Following the identification of BRCA1 and BRCA2, the Tyrer-Cuzick or IBIS model was developed to incorporate genetic risk factors with hormonal and reproductive risk factors to predict individual breast cancer risk. Genetic risk was based upon the possibility of a BRCA1 or BRCA2 mutation plus a second low-penetrance gene to acknowledge and account for other unknown influencers of genetic risk. Family history included first- and second-degree relatives with a history of breast or ovarian cancer, bilateral breast cancer and the age at diagnosis. Additional personal risk factors included age, height, body mass index (BMI), age at menarche, first live birth and menopause, parity and the presence of atypical hyperplasia or lobular carcinoma in situ [80]. It has recently (2013) been updated to include the impact of Ashkenazi Jewish ancestry, third-degree relatives, male breast cancers and hormone replacement therapy use. It calculates the lifetime risk of breast cancer and the risk of gene carriage.

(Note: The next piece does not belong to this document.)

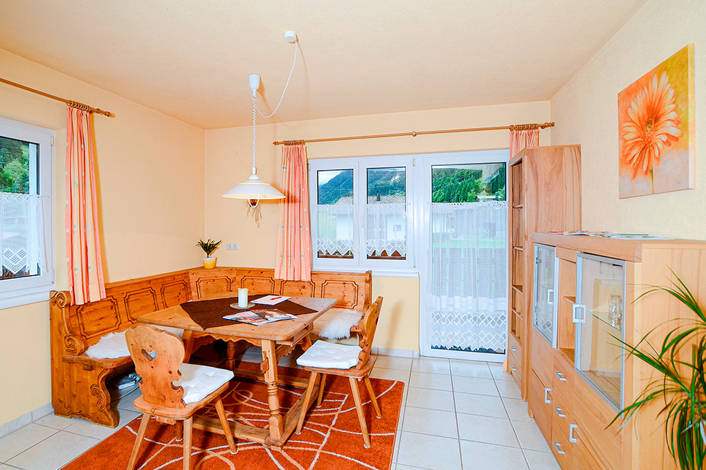 Parterre: Flur mit Garderobe, Schuhregal. Gemütlicher Wohnraum mit Kaminofen, Couchgarnitur, Sat-TV, Sitzecke. Große, helle Wohnküche mit großem Esstisch, moderner Küchenzeile (Backofen, Spülmaschine), zusätzlichem Holzherd. Vorratsraum. Separates WC.

The BRCAPro model was developed to determine the likelihood of being a BRCA1 or BRCA2 mutation carrier [81]. This model uses detailed information in the family history such as breast cancer in first- and second-degree relatives, ages at diagnoses, bilateral breast cancer, ovarian cancer and the presence of male breast cancers. In addition, the model also gives weight to unaffected relatives. Extensions to the model enable an overall risk of breast cancer development to be calculated, and three different population datasets can be used to estimate mutation frequency [73]. Limitations to the model include the absence of non-hereditary risk factors, and the model does not account for more complex genetic susceptibility mechanisms.

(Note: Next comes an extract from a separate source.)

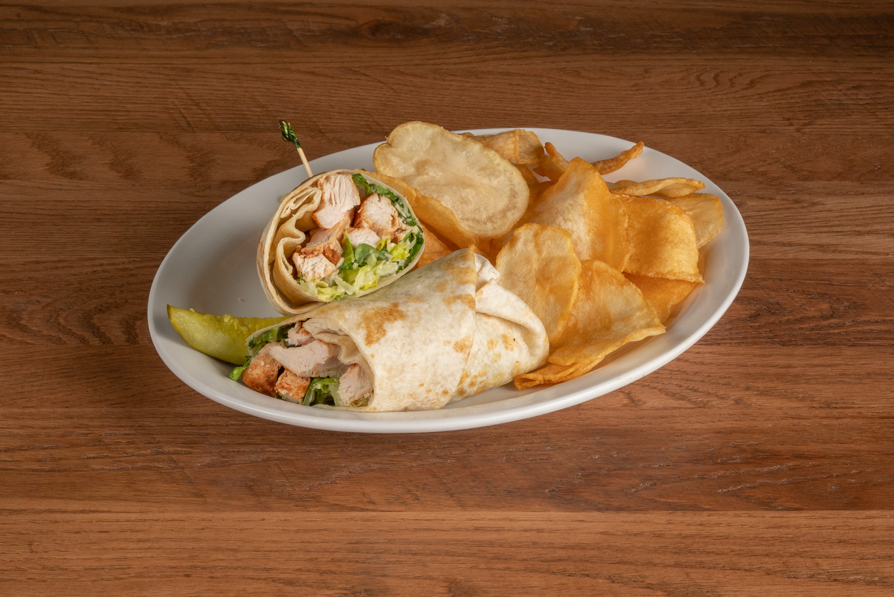 Tender grilled chicken strips with crisp romaine lettuce, parmesan cheese and cream caesar dressing wrapped in a our tortilla.

The Breast and Ovarian Analysis of Disease Incidence and Carrier Estimation Algorithm (BOADICEA) model was developed to account for genetic and polygenic influences in familial breast cancer occurring in addition to BRCA1 and BRCA2 [82, 83]. The dataset was based on the Anglican Breast Cancer Study, which comprised 1484 confirmed breast cancer cases and 156 multiple case families and included information about BRCA1 and BRCA2 mutation status. The model included detailed family history information including breast cancer diagnoses in first-, second- and third-degree relatives and ages at diagnoses, bilateral cancer, ovarian cancer and male breast cancer. Aside from age, it did not include any non-hereditary risk factors. BOADICEA provides likelihood of breast cancer development in women with a family history of breast and ovarian cancer. In addition, the model can predict BRCA1 and BRCA2 mutation probability and provides an assessment of polygenic modifiers of breast cancer risk in mutation carriers. An extension to the BOADICEA model has recently been proposed to incorporate PALB2, CHEK2 and ATM protein truncating variants into its risk assessment [84].